1960 - Elected to the American Philosophical Society

1961 - Melvin Calvin received the Nobel Prize in Chemistry “for his research on the carbon dioxide assimilation in plants”

1964 - Awarded the Davy Medal of the Royal Society

1971 - Honorary Doctor of Laws (LL.D.) degree from Whittier College

1978 - Priestley medal of the American Chemical Society

Calvin was featured on the 2011 volume of the American Scientists collection of US postage stamps, along with Asa Gray, Maria Goeppert-Mayer, and Severo Ochoa. This was the third volume in the series, the first two having been released in 2005 and 2008.

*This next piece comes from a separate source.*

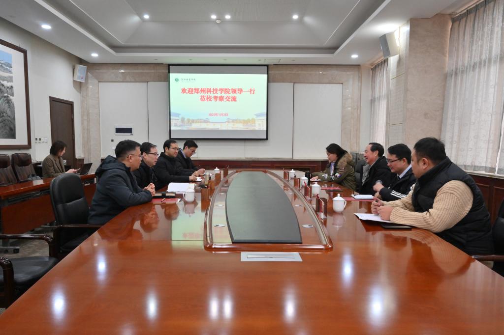 1月2日,郑州科技学院董事会办公室主任张智沫一行四人来我校考察交流。座谈交流会在成均楼B302会议室举行,党委副书记张运礼出席,党政办公室、党委宣传部、基建处等部门负责人参加会议。
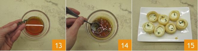 Enfin, versez le miel de châtaignier dans un petit bol, ajoutez le thym effeuillé 13 et mélangez bien 14. Garnissez vos bouchées feuilletées au fromage et miel avec le miel au thym et servez-les avec le petit bol à côté 15 !

Calvin was award 13 other honorary degrees.

== Publications ==

- Bassham, J. A., Benson, A. A., and Calvin, M. "The Path of Carbon in Photosynthesis VIII. The Role of Malic Acid.", Ernest Orlando Lawrence Berkeley National Laboratory, University of California Radiation Laboratory–Berkeley, United States Department of Energy (through predecessor agency the Atomic Energy Commission), (January 25, 1950).
- Badin, E. J., and Calvin, M. "The Path of Carbon in Photosynthesis IX. Photosynthesis, Photoreduction, and the Hydrogen-Oxygen-Carbon Dioxide Dark Reaction.", Ernest Orlando Lawrence Berkeley National Laboratory, University of California Radiation Laboratory–Berkeley, United States Department of Energy (through predecessor agency the Atomic Energy Commission), (February 1, 1950).
- Calvin, M., Bassham, J. A., Benson, A. A., Kawaguchi, S., Lynch, V. H., Stepka, W., and Tolbert, N. E."The Path of Carbon in Photosynthesis XIV.", Ernest Orlando Lawrence Berkeley National Laboratory, University of California Radiation Laboratory–Berkeley, United States Department of Energy (through predecessor agency the Atomic Energy Commission), (June 30, 1951).
- Calvin, M. "Photosynthesis: The Path of Carbon in Photosynthesis and the Primary Quantum Conversion Act of Photosynthesis.", Ernest Orlando Lawrence Berkeley National Laboratory, University of California Radiation Laboratory-Berkeley, United States Department of Energy (through predecessor agency the Atomic Energy Commission), (November 22, 1952).
- Bassham, J. A., and Calvin, M. "The Path of Carbon in Photosynthesis", Ernest Orlando Lawrence Berkeley National Laboratory, University of California Lawrence Radiation Laboratory-Berkeley, United States Department of Energy (through predecessor agency the Atomic Energy Commission), (October 1960).
- Calvin, M. "The Path of Carbon in Photosynthesis (Nobel Prize Lecture).", Ernest Orlando Lawrence Berkeley National Laboratory, University of California Radiation Laboratory-Berkeley, United States Department of Energy (through predecessor agency the Atomic Energy Commission), (December 11, 1961).